WHAT THIS TASK INVOLVES:
Everything in the data gets repeated exactly, except for the pictures.

COLLECTED MATERIAL:
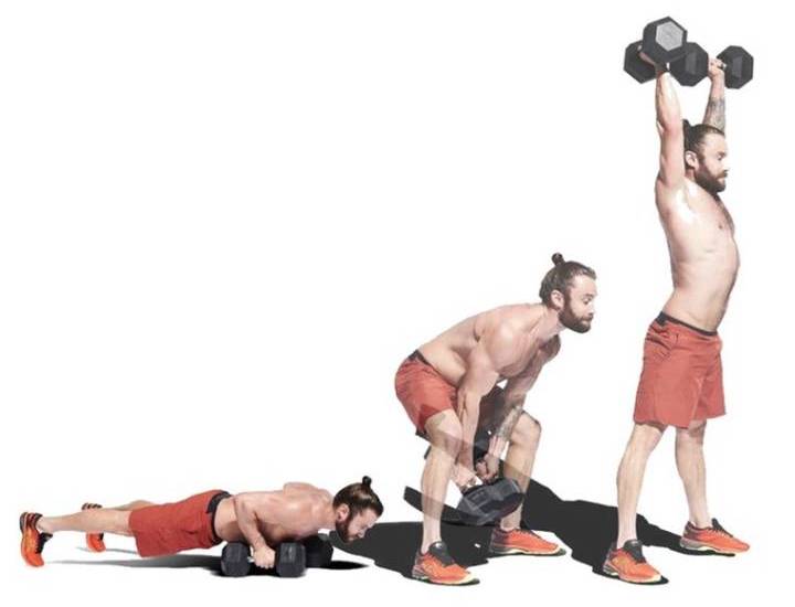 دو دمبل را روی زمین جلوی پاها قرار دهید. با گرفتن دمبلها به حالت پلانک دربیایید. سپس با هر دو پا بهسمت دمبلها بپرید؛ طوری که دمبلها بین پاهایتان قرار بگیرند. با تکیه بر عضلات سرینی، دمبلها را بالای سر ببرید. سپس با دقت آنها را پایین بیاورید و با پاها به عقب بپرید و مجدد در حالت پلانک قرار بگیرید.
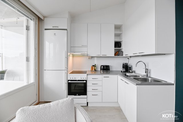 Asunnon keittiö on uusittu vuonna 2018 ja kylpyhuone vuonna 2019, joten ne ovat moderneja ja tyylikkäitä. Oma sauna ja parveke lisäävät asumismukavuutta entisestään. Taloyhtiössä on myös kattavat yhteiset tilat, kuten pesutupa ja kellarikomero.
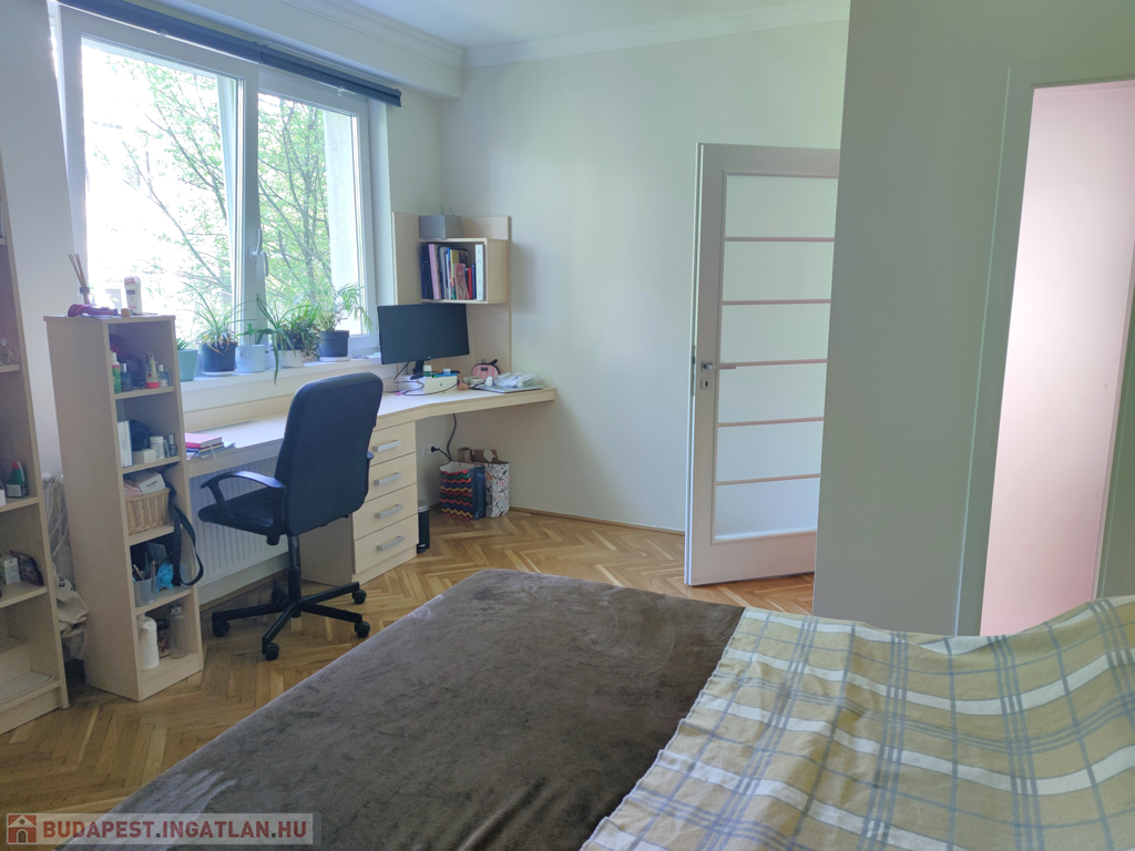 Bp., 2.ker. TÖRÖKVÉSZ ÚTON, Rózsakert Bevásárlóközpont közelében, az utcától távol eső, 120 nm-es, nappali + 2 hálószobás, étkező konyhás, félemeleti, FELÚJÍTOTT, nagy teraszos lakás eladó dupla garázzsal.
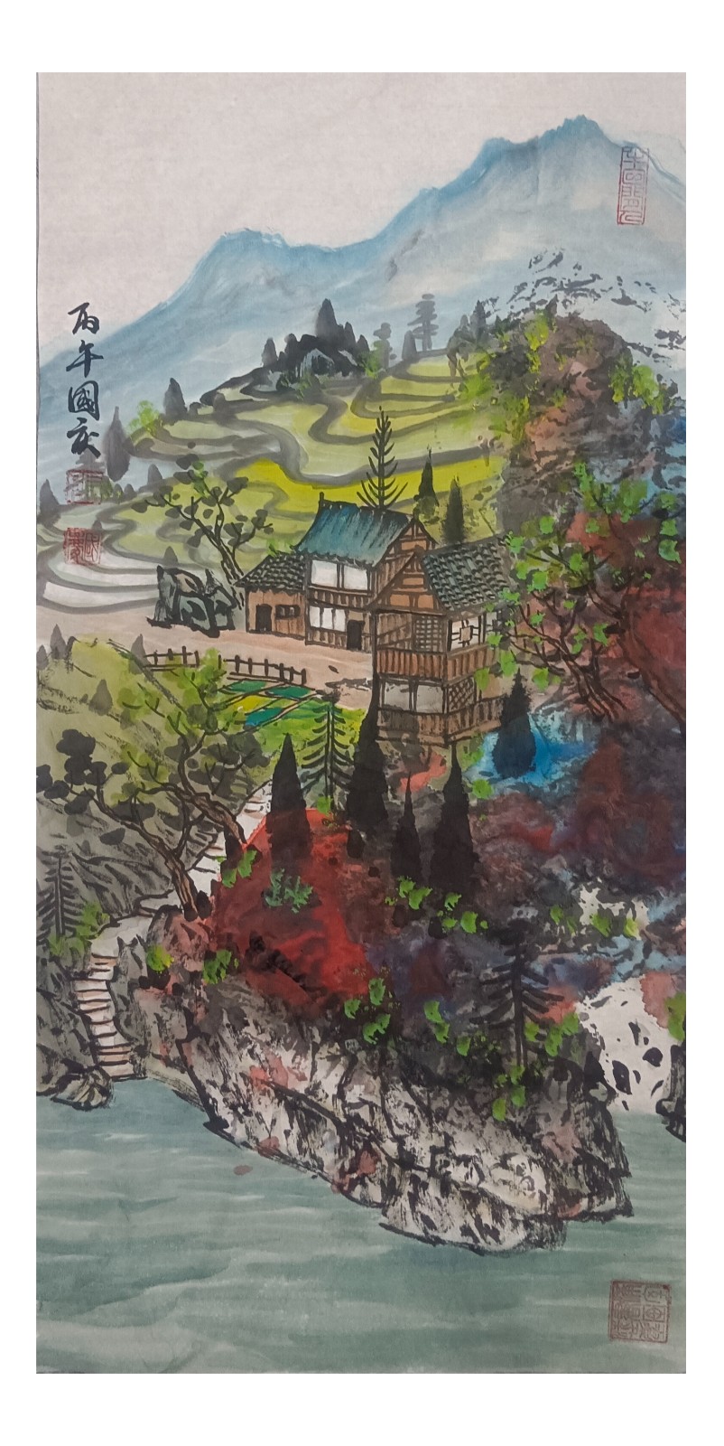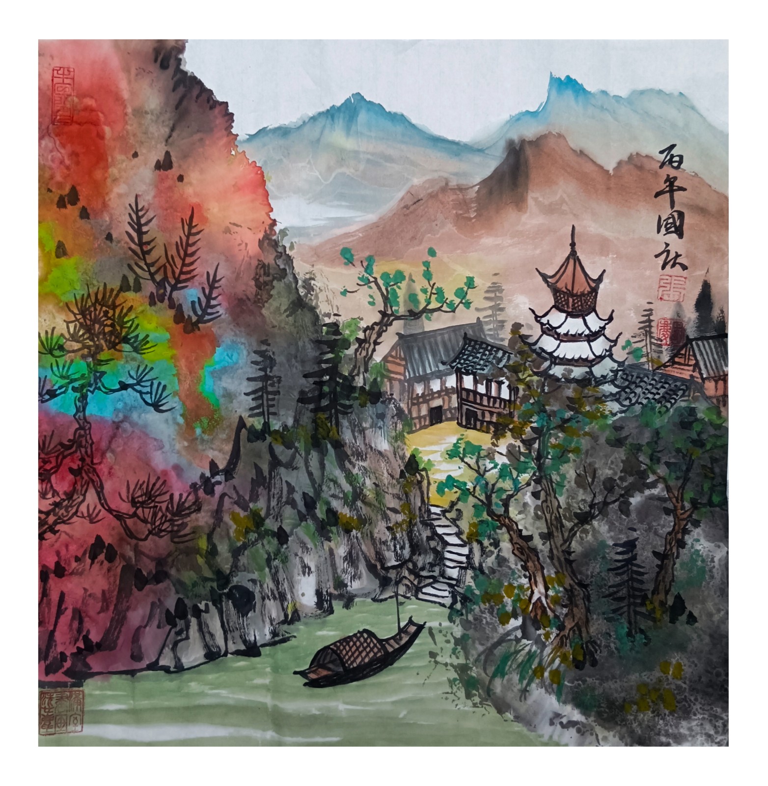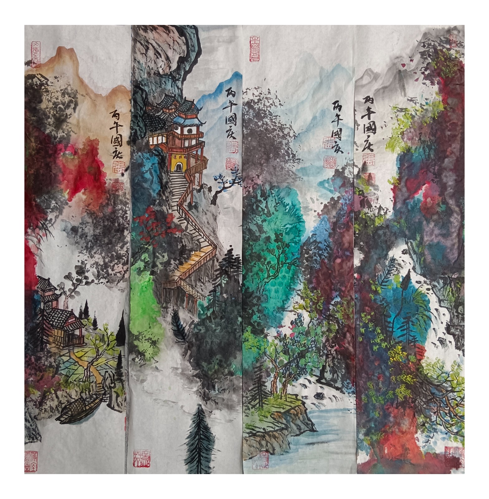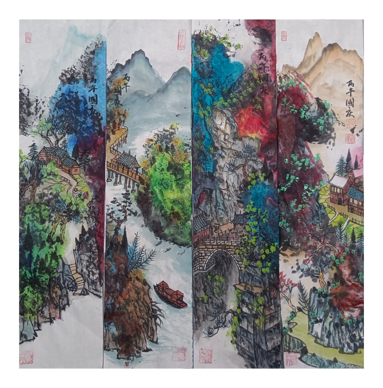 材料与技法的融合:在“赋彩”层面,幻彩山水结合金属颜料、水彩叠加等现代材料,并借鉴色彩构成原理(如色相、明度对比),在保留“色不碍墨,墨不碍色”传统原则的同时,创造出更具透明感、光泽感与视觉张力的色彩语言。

ANSWER AREA:
 دو دمبل را روی زمین جلوی پاها قرار دهید. با گرفتن دمبلها به حالت پلانک دربیایید. سپس با هر دو پا بهسمت دمبلها بپرید؛ طوری که دمبلها بین پاهایتان قرار بگیرند. با تکیه بر عضلات سرینی، دمبلها را بالای سر ببرید. سپس با دقت آنها را پایین بیاورید و با پاها به عقب بپرید و مجدد در حالت پلانک قرار بگیرید.
 Asunnon keittiö on uusittu vuonna 2018 ja kylpyhuone vuonna 2019, joten ne ovat moderneja ja tyylikkäitä. Oma sauna ja parveke lisäävät asumismukavuutta entisestään. Taloyhtiössä on myös kattavat yhteiset tilat, kuten pesutupa ja kellarikomero.
 Bp., 2.ker. TÖRÖKVÉSZ ÚTON, Rózsakert Bevásárlóközpont közelében, az utcától távol eső, 120 nm-es, nappali + 2 hálószobás, étkező konyhás, félemeleti, FELÚJÍTOTT, nagy teraszos lakás eladó dupla garázzsal.
 材料与技法的融合:在“赋彩”层面,幻彩山水结合金属颜料、水彩叠加等现代材料,并借鉴色彩构成原理(如色相、明度对比),在保留“色不碍墨,墨不碍色”传统原则的同时,创造出更具透明感、光泽感与视觉张力的色彩语言。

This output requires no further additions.